There are rules concerning not just income tax return filing but also concerning TDS. If an individual or organization meets these rules adequately, they will be able to avoid penalties, fees, or interest. The main rules related to TDS are:

  1. One of the first essential rules is that Tax Deducted at Source needs to be deducted at the time when the payment either gets due or when the actual amount is made, whichever is earlier
  2. Delay in deduction of TDS will attract interest @ 1% per month until the tax is deducted [2]
  3. Every person, whether an employer or otherwise, needs to credit the tax deducted to the government’s account by the 7th day of the following month
  4. In case of late or non-payment of TDS, an interest @ 1.5% per month will be levied until the tax has not been deposited

How to apply for a TDS refund?

A major misconception that many individuals have is that an excess TDS refund is different from that of an income tax refund.

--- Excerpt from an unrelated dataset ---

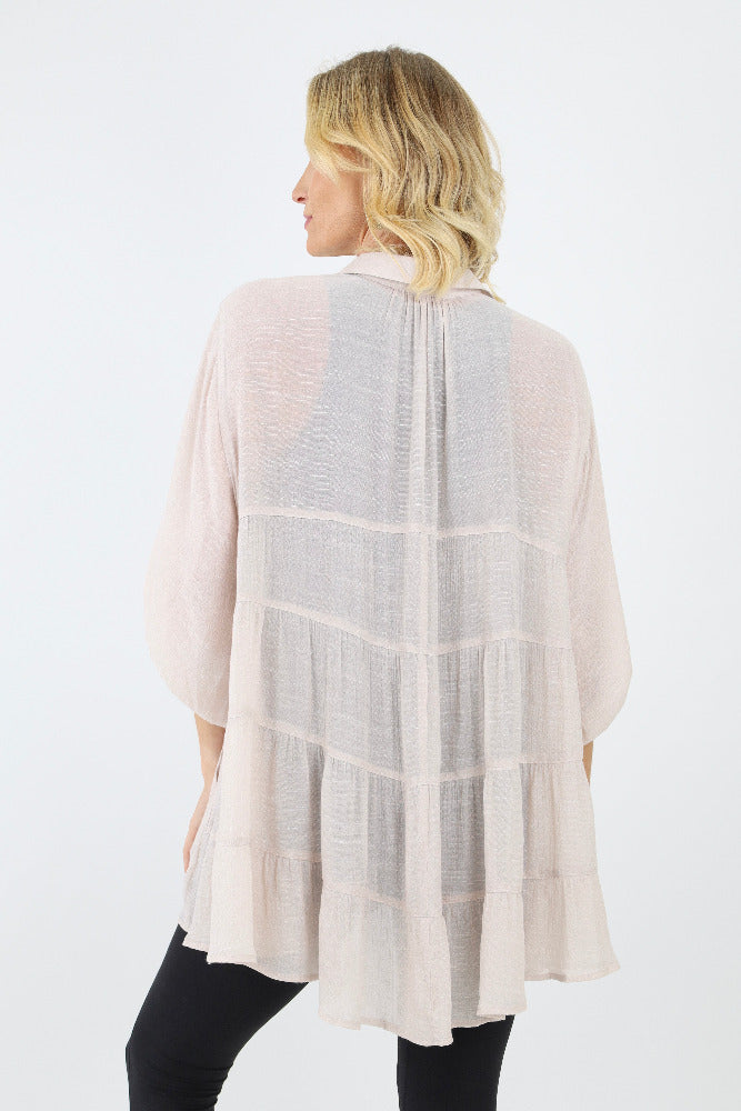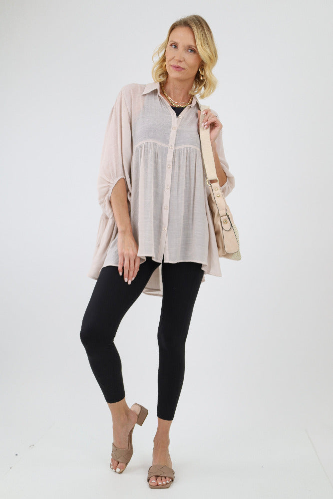 Babydoll Flowy Button Up Top - Tan

However, according to the Indian Tax System, there is only one type of return that you claim at the time of filing your annual income tax return.

For filing your TDS refund, it is compulsory to quote bank account details such as account number and IFSC code. Failing to do so will not generate a valid file for you. In case if someone deducts more tax than he should have deducted, then there will be an income tax refund, which can be claimed upon the filing of the annual income tax return (ITR).

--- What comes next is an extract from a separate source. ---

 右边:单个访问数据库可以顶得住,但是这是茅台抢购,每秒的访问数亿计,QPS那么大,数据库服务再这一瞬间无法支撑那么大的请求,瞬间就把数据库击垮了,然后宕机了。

For example, you own a transport agency, and yours is a proprietorship firm. You presented an invoice for Rs. 20,000/- and the person paying freight paid you a net amount of Rs. 19,600/- (after deducting tax of Rs. 1,000/- @ 2% under section 194C). In this case, the tax will be deducted at 2% instead of 1% and hence deducted excess TDS by Rs. 200/-. This excess TDS of Rs. 200 will arise as a refund in the income tax return, according to the Income Tax Act, 1961.

Ensure Proper TDS Deduction

Tax Deducted at Source is an essential legal obligation for everyone earning an income. It ensures that there is no tax evasion as it is levied at the source itself. Every employer, as well as individuals, should give proper attention to meeting with this deduction. It is because non-filing or late filing of Tax Deducted at Source will attract penalties and fines.

Along with being aware of how to file ITR, Individuals at their end should share proper documentation with the employer as well as check online for any updates in TDS provisions. It will ensure that your employer makes the right Tax Deducted at Source declaration from your salary income.

Wealthcafe Advice

There is only a single refund i.e. Income Tax Refund which is an excess of tax already paid by way of TDS, TCS, advance tax or self-assessment tax less tax on your total income. You can get a refund of additional tax only after filing your income tax return for that particular year.

In other words, there is no other method to get a refund other than by filing an Income Tax Return.